18. The invention of claim 15, wherein the multi-channel audio signal is a 5.1 surround sound signal.
19. An apparatus for synthesizing a multi-channel audio signal, having a plurality of audio output channels, this apparatus comprises: means for applying a parametric audio decoding technique, to generate a first subset of audio output channels for a first frequency region; and means for applying the parametric audio decoding technique, to generate a second subset of audio output channels for a second frequency region; wherein the second frequency region is different from the first frequency region; and the second subset is different from the first subset.

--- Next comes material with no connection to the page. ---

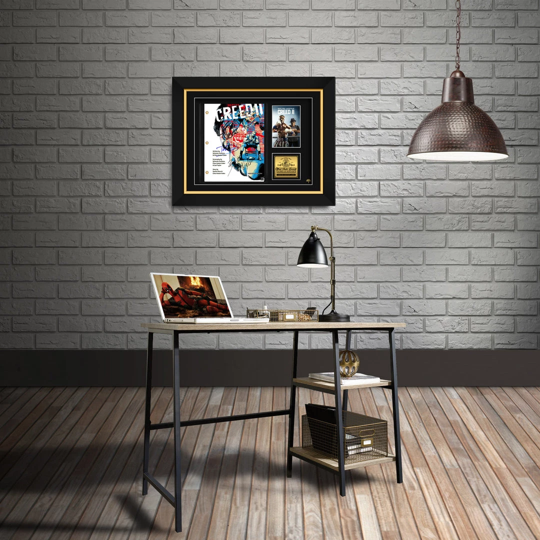 — Collector Grade Proprietary Exclusive VELVET TOUCH water/scratch resistant cover. — Collectible Facsimile of Original Hand-Signed Creed 2 movie Script Custom Frame.

20. A parametric audio decoder, which comprises: a parametric audio processor, adapted to generate parametric encodings; and a synthesizer, adapted to apply the parametric codes in one or more combined channels, to generate: (1) A first subset of audio output channels of an audio signal of multiple channels in a first frequency region; and (2) A second subset of audio output channels of the multi-channel audio signal, in a second frequency region, wherein the second frequency region is different from the first frequency region, and the second subset is different from the first subset.
21. . The invention of claim 20, wherein the parametric codes are BCC codes.
22. The invention of claim 20, wherein the multi-channel audio signal is a rolling sonic signal, having a plurality of regular channels and at least one LFE channel; the first subset includes all the audio output channels; the first frequency region corresponds to the subbands at or below a specified cutoff frequency; the second subset excludes the LFE channel; Y the second frequency region corresponds to the subbands above the cutoff frequency.